Revision as of 22:50, 13 February 2009

First-Pass Rotation

First-Pass Curator Two-week period Task Goal
Karen 2/16-3/1 Organize FP curation for others with Andrei's help, set up immediate and long-term goals, reorganize FP form. Ease curation for others
Ranjana 3/2-3/15
Raymond 3/16-3/29
Jolene 3/30-4/12
Gary 4/13-4/26
Xiadong 4/27-5/10
Erich 5/11-5/24
Wen 5/25- 6/7
Kimberly 6/8-6/21

Assigned Tasks

Who When Task Goal
Andrei Analyze author fill-out form To provide a summary of what works and what not and to seek improvements of the procedure.
Andrei Work out the correspondence of fields between the author and curator forms.
Juancarlos Waiting for consensus on what to put in fields for author and curator for FP. Raymond suggests : To have a first pass form for curators that shows author's submission for curator's approval (e.g. a tick) for that information to be sent (along with whatever information a curator puts in) for data extraction. If the first-pass curator dis-approves author's input (by not ticking), then the author's input will not be further processed or sent but it will be nevertheless stored as is in the database. For the next phase, results from automated first-pass via textpresso could be treated similarly as that of the author's. The ultimate goal is to maximize the number of fields that need no curator approval. Sources of first-pass curation should be clearly distinguished by a person ID (textpresso will be assigned one). Juancarlos is okay with this, but while I'm leaning towards assigning the author response to a PersonID, if this is not going to be used for evidence anywhere, the corresponding email is possibly the more accurate evidence since the receiver may pass it on to someone who is not the WBPerson that email is assigned to. In that case Textpresso wouldn't need a person ID. I'm still leaning toward using IDs though, I'm just not sure it reflects the right things if we ever want that in WB or something like that. Juancarlos also needs to know how curators want to enter data. For any given Paper-Field, would curators want to be able to enter unlimited entries, and make then invalid to delete ? Would you prefer the current system where there's only a single box where everyone mushes in all data ? Would you care about the history of deleted things ?
Juancarlos done resolve dupicates There are many papers on the firstpass list that are already firstpassed. Most of these papers are duplicates and have two WBPaperID assignments. Is there a way to resolve this?.

Unassigned tasks and comments that need more discussion

  • We do have a record of data type curation for each paper, is there some way of combining the first pass curation with the curation status form?

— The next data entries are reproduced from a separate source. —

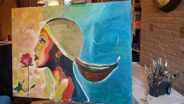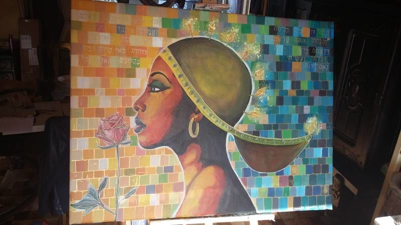Acrylic, vlasdoek, 90 cm op 120 cm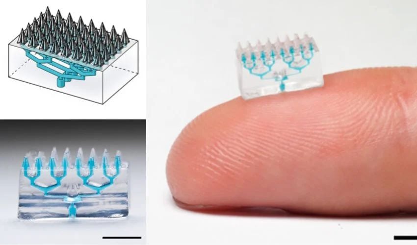El primer objetivo de PinPrint son los parches de microagujas, que ofrecen una alternativa sin dolor a las agujas convencionales. Se pueden utilizar para la administración de vacunas y fármacos tanto para casos de uso terapéutico como cosmético, así como para la recogida de muestras de líquido intersticial. En comparación con las agujas, los parches de microagujas son fáciles de aplicar, menos peligrosos y mínimamente invasivos. Esto significa que pueden administrarse fácilmente en hogares y en entornos clínicos y no clínicos. Además, estos parches tienen menos probabilidad de infecciones y son más fáciles de desechar que las agujas normales. Estos dispositivos existen desde hace décadas y son fáciles de fabricar utilizando métodos tradicionales. Sin embargo, PinPrint está aprovechando la fabricación aditiva para lograr geometrías altamente complejas, lo que permite la creación de microagujas con canales microfluídicos y espacios negativos que serían imposibles de incorporar a través de la fabricación convencional.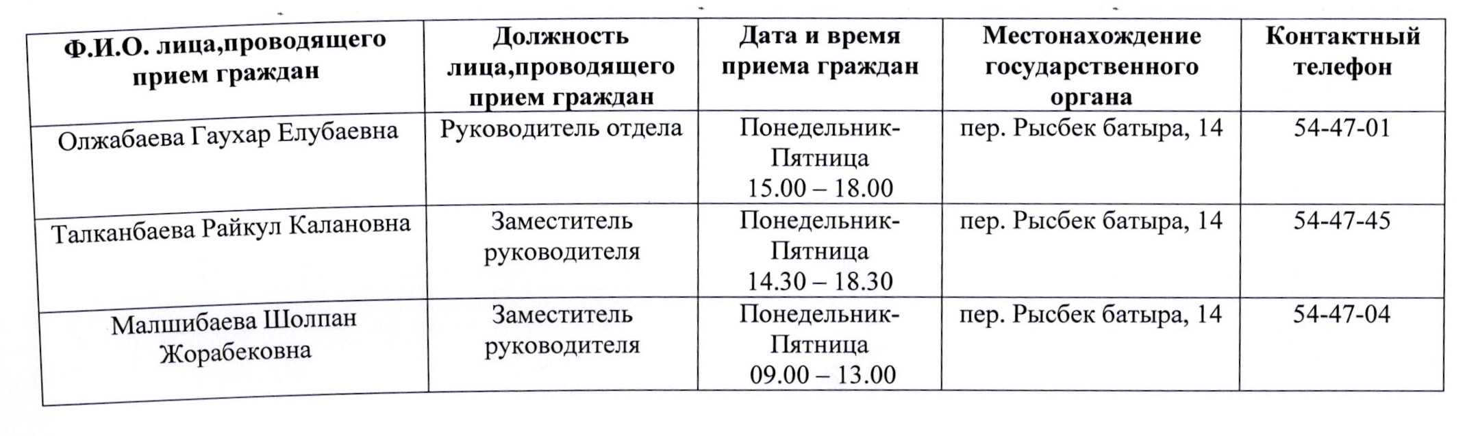 График приема граждан коммунального государственного учреждения «Отдел занятости и социальных программ акимата города Тараза» на ІІ квартал 2024 года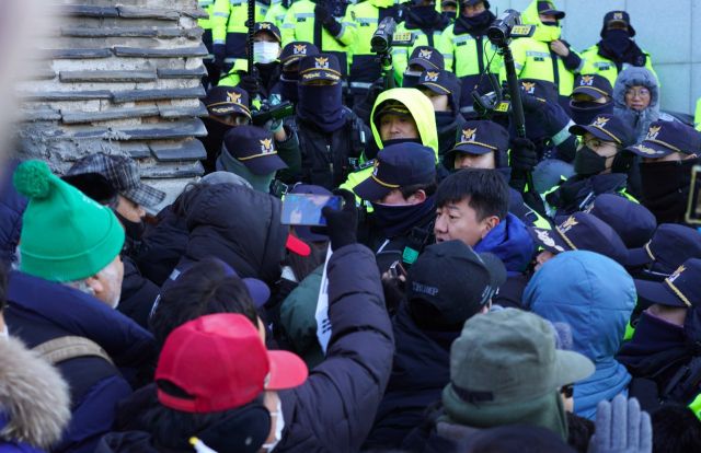 체포영장 집행이 진행된 5시간여 동안 관저 앞에 모인 윤 대통령 지지자들은 체포를 막겠다며 경찰과 충돌을 벌였다.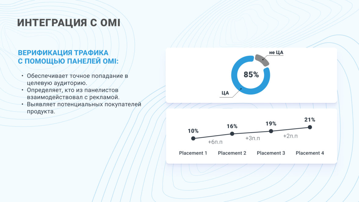 Данные синхронизируются, и из числа пользователей, взаимодействовавших с рекламными материалами, вычленяются панелисты OMI для проведения анкетирования.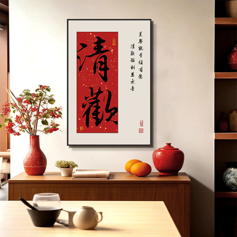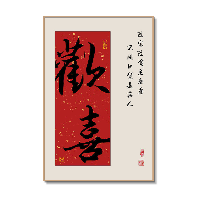 📚 定制欢喜国潮书法创意字画餐厅饭厅餐桌装饰画餐馆客厅高级感挂画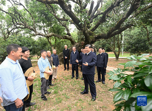 4月10日至13日,中共中央总书记、国家主席、中央军委主席习近平在广东考察。这是11日下午,习近平在茂名高州市根子镇柏桥龙眼荔枝专业合作社考察。新华社记者 李学仁 摄
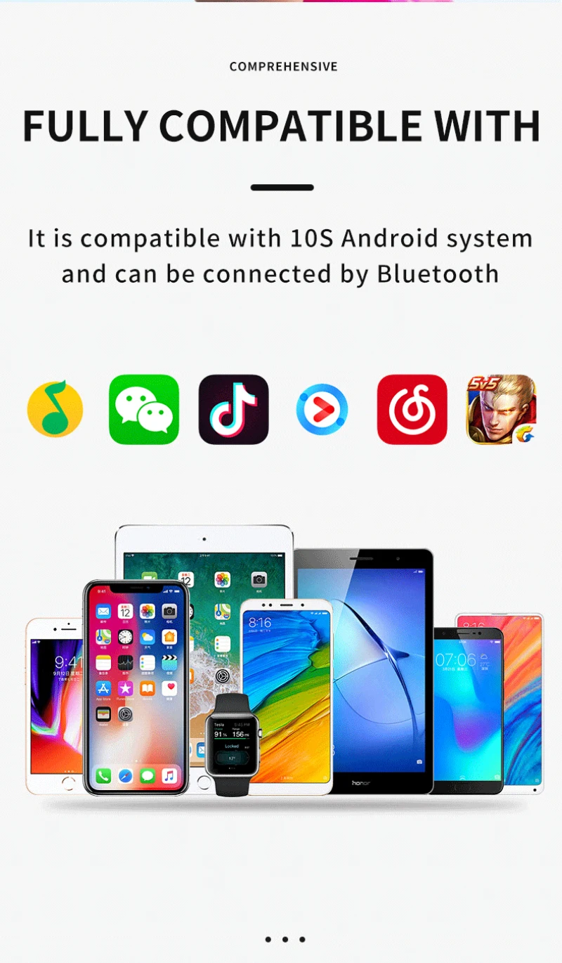 Он использует чип Bluetooth V5.1, Расстояние соединения 10 м, стабильную производительность, высокую передачу, низкое потребление и высокую совместимость.

-The curation status form gets flagged data from the first pass form (don't think I understand the question) -- Juancarlos

  • How does the false positive work?

- the words ``false positive get appended (or prepended, I forget and can't find an example) into the text field -- Juancarlos

  • Curator preference for FP remarks, can people deal with the not getting detailed notes about their data type and where it exists in the paper or should this be a mandatory part of first-pass?
  • Discrepancy between FP papers and total papers curated. For some data types, curators get to the paper before the FP curator, it would be good to know that a curator already touched it. Is there a way to mark the paper in the FP list as curated for a specific data type but not others?

- I thought on the checkout section they showed as ``RNAi only or something like that. -- Juancarlos

Papers for Firstpass are found on the WBPaperEditor page:

Pick a paper and access the curation form


Alternatively

  • Access the curation.cgi from the WBPaperID page itself
  • Select the WBPaperID from left column to take you to the paper page-- ONLY SELECT PAPERS FROM WBPaper0030000 AND LATER
  • Select first-pass curate

Note: the paper pdf can be accessed from the paper page along with supplemental materials.

Either action takes you to the curation.cgi (SEE BELOW)

The firstpass page curation.cgi

  • At the top of the page are links to:
    • The tazendra site map (other forms)
    • Documentation for the set up, paths from, and changes to the curation.cgi form
    • Guidelines for the form which include some summary information about the fields and features, written by Raymond in 2001 and needs some updating.
  • For each data type you can check the box or enter text:
    • Check the box = a '"yes" is entered in to the field
    • Enter text = the text is recorded
  • E-mail is set for default send if there is a "yes" (from a check) or text in the data type flag box.
  • When done, you can see the preview of the submission, by selecting "Preview!"
  • If acceptable, Select "New Entry!"
  • First pass flags will be sent.

Adding new gene paper connections

add info

For what and to whom a flag is sent

"flagged" = WBPapers that have been flagged for that particular data type but not curated yet or not assessed for curation status yet; "flagged-done" = WBPapers that have been flagged and curated. These papers can be used as a source for verified curation flag examples.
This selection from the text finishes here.